In eleven cases with active bleeding, the skin temperature at the affected side was more than 0.3 °C higher (0.3 °C to 1.4 °C) compared to the unaffected side. In two cases without active bleeding, there were no significant differences in skin temperature between the affected and unaffected sides. In two cases with previous rib or thumb bone fracture, the skin temperature at the affected side was 0.3 °C or 0.4 °C lower than that of the unaffected side, respectively.

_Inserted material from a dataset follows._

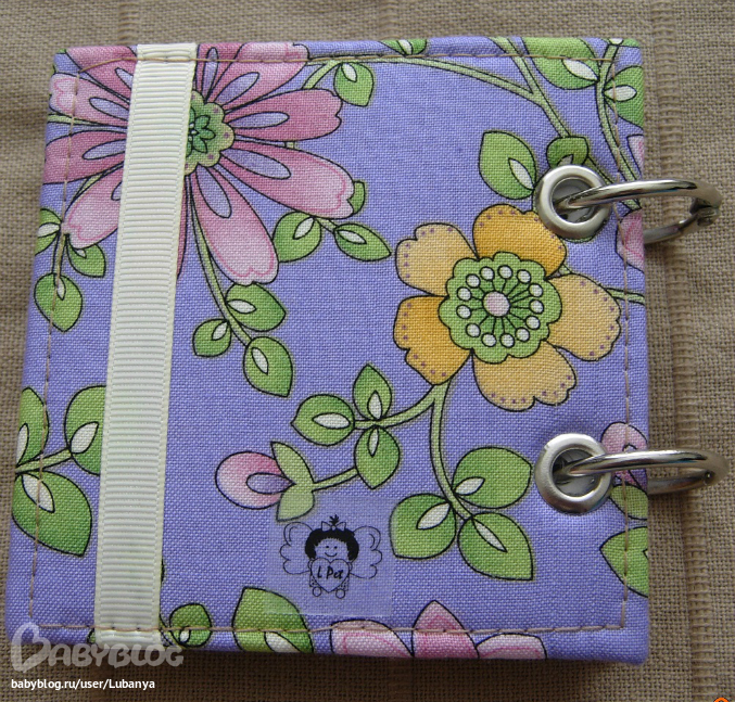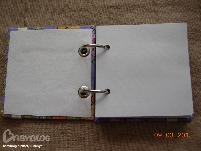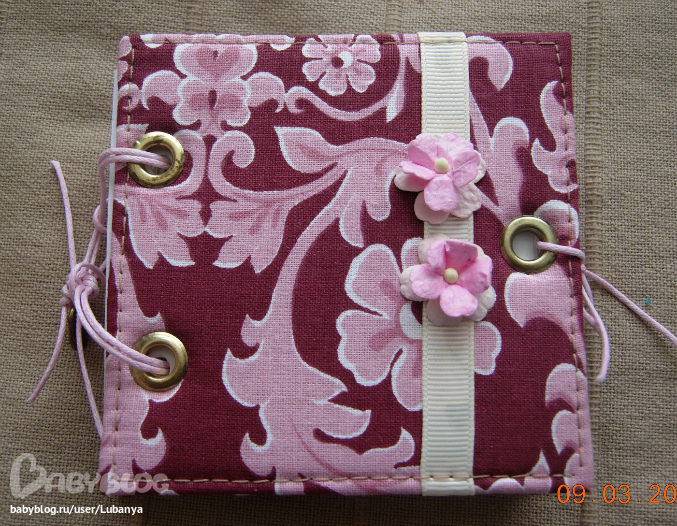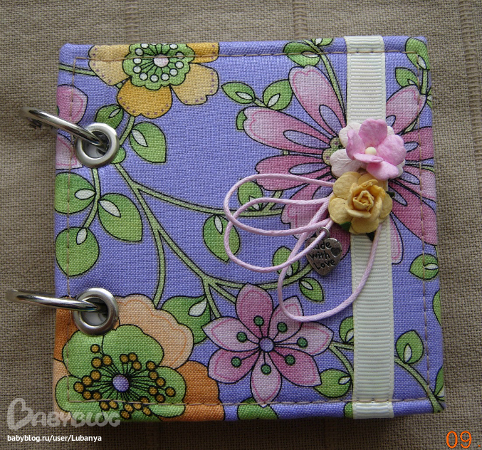 Размер 9,5*9,5 см, около 100 листов. Обложка - картон, хлопок, металлические люверсы, репсовая лента, цветочки, разъемные кольца (по мере использования можно заменить листочки).

In two cases with active bleeding in which longitudinal evaluation was conducted, the difference in skin temperature decreased after hemostatic treatment.

CONCLUSION

The analysis of skin temperature deference using IRT was a useful supportive tool to readily assess musculoskeletal abnormalities and bleeding in PwH as well as to determine the success of the hemostatic treatment.

摘要

背景

在血友病患者中,出血常发生于关节和肌肉,早期发现出血对于预防运动功能障碍的发生和进展至关重要。超声、计算机断层扫描和磁共振成像等复杂图像分析方法用于检测出血。另一方面,尚未有简单快速检测活动性出血的方法报道。当血液从受损血管渗漏时会发生局部炎症反应,在这种情况下,活动性出血部位的温度可能会升高,导致周围皮肤温度升高。因此,本研究的目的是探讨使用红外热成像(IRT)测量皮肤温度是否可作为检测活动性出血的辅助诊断方法。

方法

对15例主诉疼痛等不适的血友病患者(年龄6至82岁)进行检查。在患侧和相对的未受影响侧同时获取热图像。测量患侧和未受影响侧的平均皮肤温度。通过用患侧平均皮肤温度减去未受影响侧平均皮肤温度来计算温度差。

结果

在11例活动性出血病例中,患侧皮肤温度比未受影响侧高0.3℃以上(0.3℃至1.4℃)。在2例无活动性出血的病例中,患侧和未受影响侧的皮肤温度无显著差异。在2例既往有肋骨或拇指骨折的病例中,患侧皮肤温度分别比未受影响侧低0.3℃或0.4℃。在2例进行纵向评估的活动性出血病例中,止血治疗后皮肤温度差异减小。

结论

使用IRT分析皮肤温度差异是一种有用的辅助工具,可方便地评估血友病患者的肌肉骨骼异常和出血情况,以及确定止血治疗的效果。